Mental Health Surgery
Is there a link between cannabis and mental illness?
The Advisory Committee on the Misuse of Drugs said there were major difficulties establishing a cause-and-effect relationship between cannabis use and the development of psychotic illnesses, such as schizophrenia.
The charity Rethink found that frequent cannabis use increased the risk of psychotic illnesses like schizophrenia by 40%. Studies have also suggested that using the drug can trigger psychotic symptoms such as hallucinations and feeling out of touch with surroundings in some people. However, it is unclear whether these symptoms are short-lived, or if they persist even when use of the drug is stopped.
Mind has reported psychiatrists have seen an increase in numbers of people being hospitalised with psychotic episodes linked to cannabis use since the drug was downgraded.
Many experts believe that use of the drug can worsen symptoms in someone who already has schizophrenia, or manic depression associated with psychotic symptoms.
A British Medical Journal study in 2004 concluded that while cannabis use moderately increased the risk of psychotic symptoms in young people, it had a much stronger effect in those who had already had mental health-related problems.
My mum suffers from depression, how can I help her?
The very nature of depression, which brings a sense of hopelessness, helplessness and worthlessness, can prevent someone who's depressed from seeking help. They often withdraw from friends and relatives around them, rather than asking for help or support. However, this is a time when they need your help and support most. Perhaps the most important thing that you can do is to encourage your friend or relative to seek appropriate treatment.
Try not to blame them for being depressed, or tell them to 'pull themselves together'. They are probably already blaming themselves, and criticism is likely to make them feel even more depressed. Praise is much more effective than criticism. You can reassure them that it is possible to do something to improve their situation, but you need to do so in a caring and sympathetic way.
People who are depressed need someone who cares for them. You can show that you care by listening, sympathetically, by being affectionate, by appreciating the person, or simply by spending time with them. You can help by encouraging them to talk about how they are feeling and getting them to work out what they can do, or what they need to change, in order to deal with their depression.
If the person you are supporting is severely depressed, you may be faced with some hard decisions about how much to do on their behalf. If, for example, they are not looking after their physical needs, should you take over and do the shopping, cooking and cleaning for them, if you are able to?

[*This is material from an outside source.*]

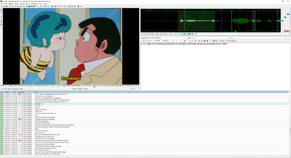 “So as it happens, Anime Los Angeles; Justin's based in Los Angeles, and so it worked out really well. He came out, we met up, and we spent an afternoon, but the key thing was we got a chance to sit down and talk to Robert. And obviously, you know, projects like these, especially something big like Urusei Yatsura, we plan this stuff out several years in advance. This was something long in the works and we talked to him about it and he said 'Well, you know hey, I still got all my scripts' and I'm in the unique position of having seen his scripting system that he's been using since basically back in the VHS days. So I was familiar with the formatting and we use Aegisub in our work, commonly used for fansubs, but it's also got a lot of professional applications. I knew the quirks of that and what to expect with his [system], so we got the opportunity to sit down with him and talk to him and say 'Hey, the problem is we can use your scripts, but they're not compatible with our system' and he goes “I wrote my script, so why don't I write something for you guys that will convert them over and format it to what you guys use?' ”

Or should you try and encourage them to do it? There are no easy answers to this situation. It will help if you can find someone with whom you can discuss these and other issues.
Supporting a friend or relative who is depressed can be an opportunity to build a closer and more satisfying relationship. However, it can also be hard work and frustrating, at times. Unless you pay attention to your own needs, it can make you feel depressed, too. Try and share the responsibility with as many people as possible, and find people to whom you can express your frustrations. There may be a local support group of others in your situation. You could also talk to your GP or another healthcare professional about getting help for yourself and your family.
How can I deal with anxiety?
There are many things you can do to reduce your anxiety to a more manageable level. Taking action may make you feel more anxious at first. Even thinking about anxiety can make it worse. But facing up to anxiety, and how it makes you feel, can be the first step in breaking the cycle of fear and insecurity. It's important to remember how much better you will feel when you can begin to relax, take control, and lead a fuller life.
The symptoms of anxiety can be controlled by breathing and relaxation techniques, and by replacing distressing, negative thoughts with positive, peaceful ones. These methods are straightforward and can be learnt from books, the internet, video and audio tapes, through counselling, and attending relaxation classes. Often the techniques employed are based on the principles of cognitive behaviour therapy, which your GP may be able to help you access. He or she can also advise you about local support groups run by and for people with similar problems. There are also classes in anxiety management.
What can I do to stop self-harming?
The single most important thing to remember is that you have choices: stopping self-injury can begin now.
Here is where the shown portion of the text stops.